# Part 0: Crowdsourced Sentiment Analysis with Snorkel - Resolving Conflicts

In this part of the tutorial, we will walk through the process of using `Snorkel` to resolve conflicts in crowdsourced answers for a sentiment analysis task. The following tutorial is broken up into four core parts and a bonus part. Each part covers a step in the pipeline:
1. Preprocessing
2. Construction of a Snorkel Labeling Matrix
3. Conflict Resolution
4. Evaluation
5. Bonus: Comparison against Majority Vote

In this notebook, we preprocess the data collected by the crowd contributors using [Spark SQL and Dataframes](https://spark.apache.org/docs/latest/sql-programming-guide.html).
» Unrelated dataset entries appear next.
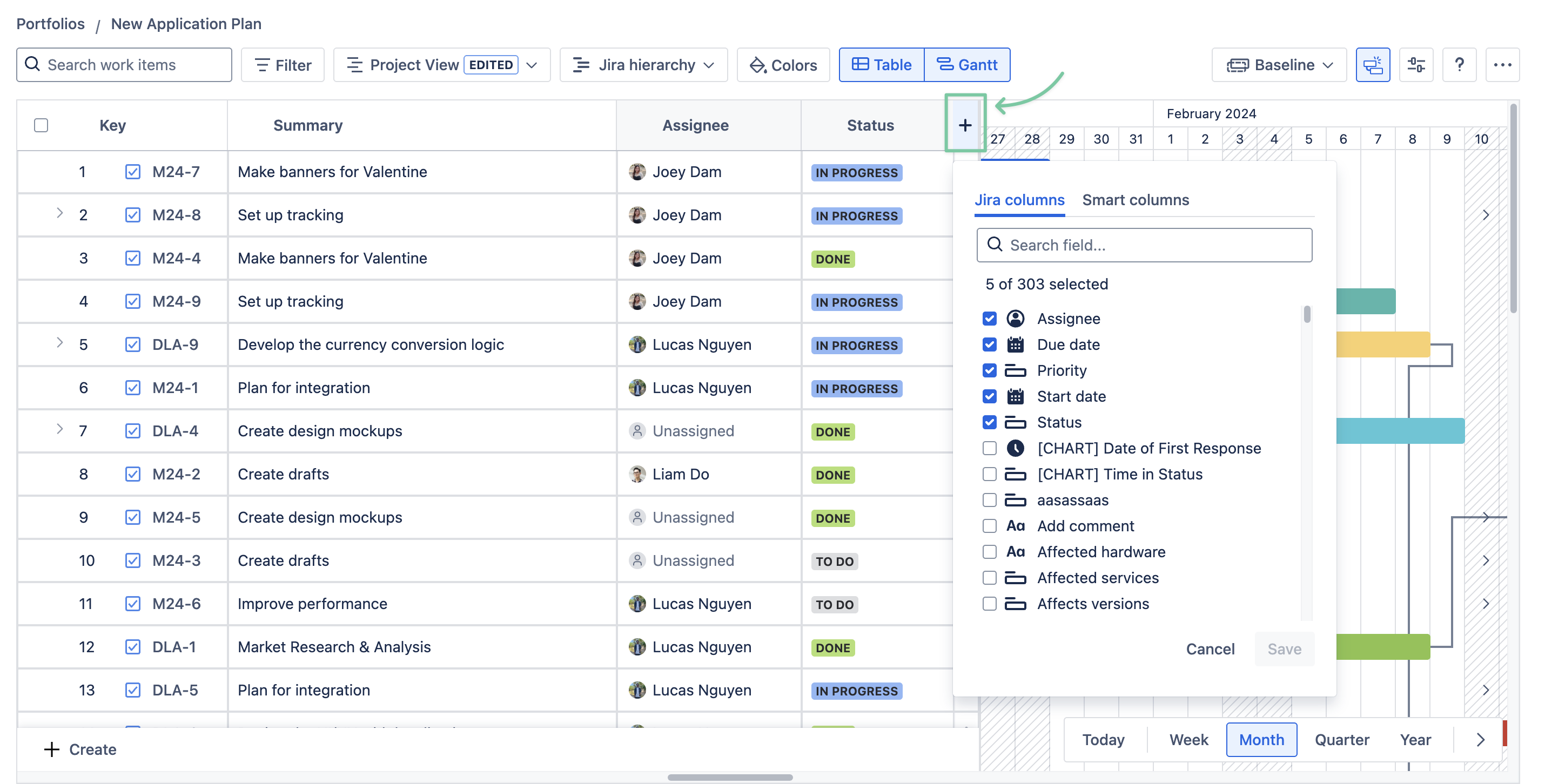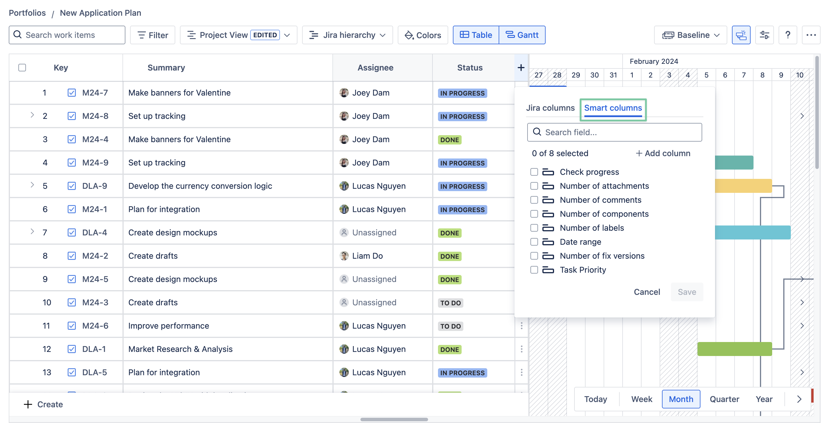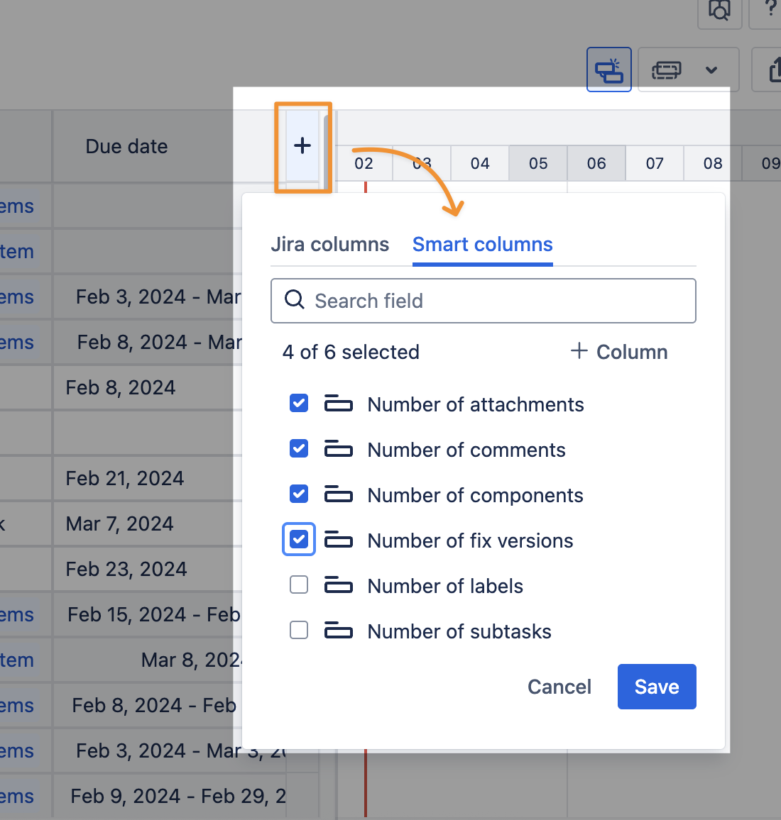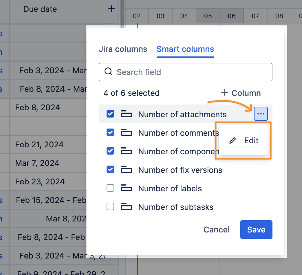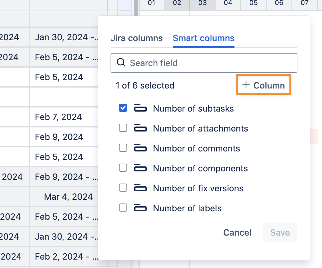 In GanttTable, you can use Smart columns to display calculated or derived information of two Jira work item fields in the details. You can choose 5 prebuilt Smart columns or create and customize a new column to suit your needs.
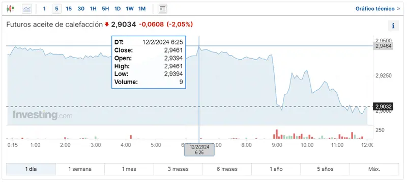 Gráfico de las cotizaciones del aceite de calefacción en un espacio de tiempo de un día
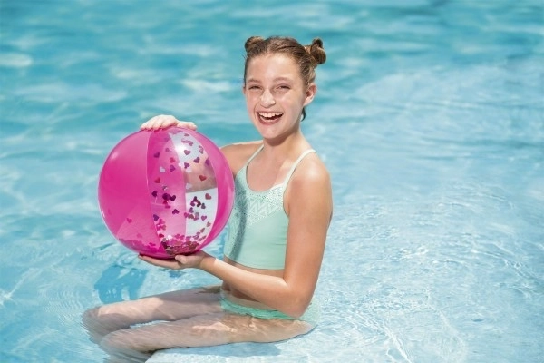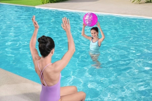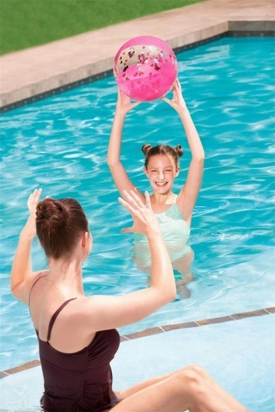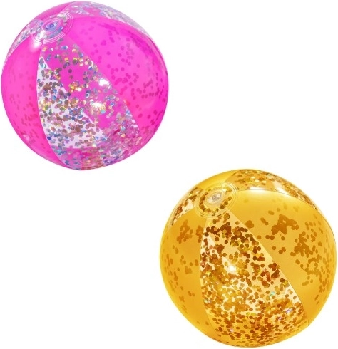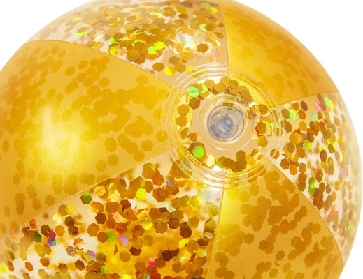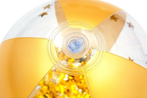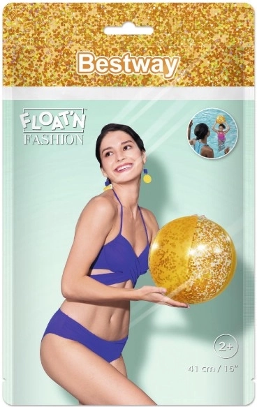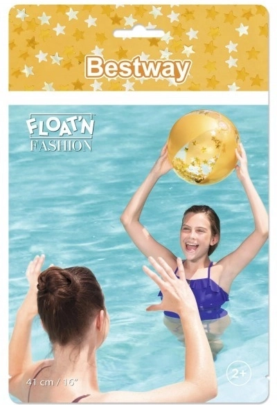 Elegancka brokatowa plażowa piłka Bestway zapewnia mnóstwo zabawy w wolnym czasie. Ta złota piłka jest wypełniona lśniącym brokatem, który podczas gry radośnie wiruje i migocze.
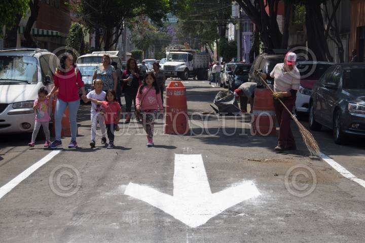 CIUDAD DE MÉXICO, 09MARZO2019.- Terminaron de pintar una calle como parte de las actividades del Sábado de Tequio en la colonia Anahuac, alcaldía Miguel Hidalgo. FOTO: GUADALUPE HERRERA /CUARTOSCURO.COM
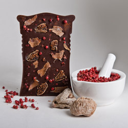 Kiki's Herkunftsschokolade aus feinem Grenada Kakao mit Schinken, Feigen und Rosa Pfeffer. 85g Tafel
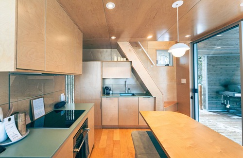 Treat yourself to one of the most lavish accommodations in Le Maelstrom, a recreational area with nature trails, bike paths, and snowshoe trails. Despite a modest building footprint of 24 square meters (the maximum allowed by zoning laws), Le DUN spares no effort to provide luxurious living within the confines of a tiny home. The master bedroom features a queen-size bed adorned with a premium Tempur-Pedic orthopedic mattress, ensuring your absolute comfort for a restful night. Fall in love with the opulent, theatrical ambiance, with its high ceilings, panoramic windows and thick, luxurious curtains. The guest bedroom is equipped with queen-size bunk beds, sleeping up to four comfortably, for a total of six guests. Enjoy year-round comfort with heated floors throughout the cabin, complemented by a central heating/cooling pump and gas fireplace, ensuring warmth and comfort on even the coldest winter days. Relaxation and Modern Amenities: Watch the sunset colors fade away while enjoying the soothing waters of the spa. The kitchen is equipped with all the modern amenities you could want: a refrigerator, freezer, dishwasher, microwave, oven, Nespresso coffee machine and luxury Villeroy and Boch porcelain tableware.

## Step 0: Sentiment Analysis of Tweets

In this tutorial we focus on the [Weather sentiment](https://www.crowdflower.com/data/weather-sentiment/) task from [Crowdflower](https://www.crowdflower.com/).

In this task, contributors were asked to grade the sentiment of a particular tweet relating to the weather. The catch is that 20 contributors graded each tweet. We then ran an additional job (the one below) where we asked 10 contributors to grade the original sentiment evaluation.

In this task, contributors were asked to grade the sentiment of a particular tweet relating to the weather. Contributors could choose among the following categories:
1. Positive
2. Negative
3. I can't tell
4. Neutral / author is just sharing information
5. Tweet not related to weather condition

The catch is that 20 contributors graded each tweet. Thus, in many cases contributors assigned conflicting sentiment labels to the same tweet. 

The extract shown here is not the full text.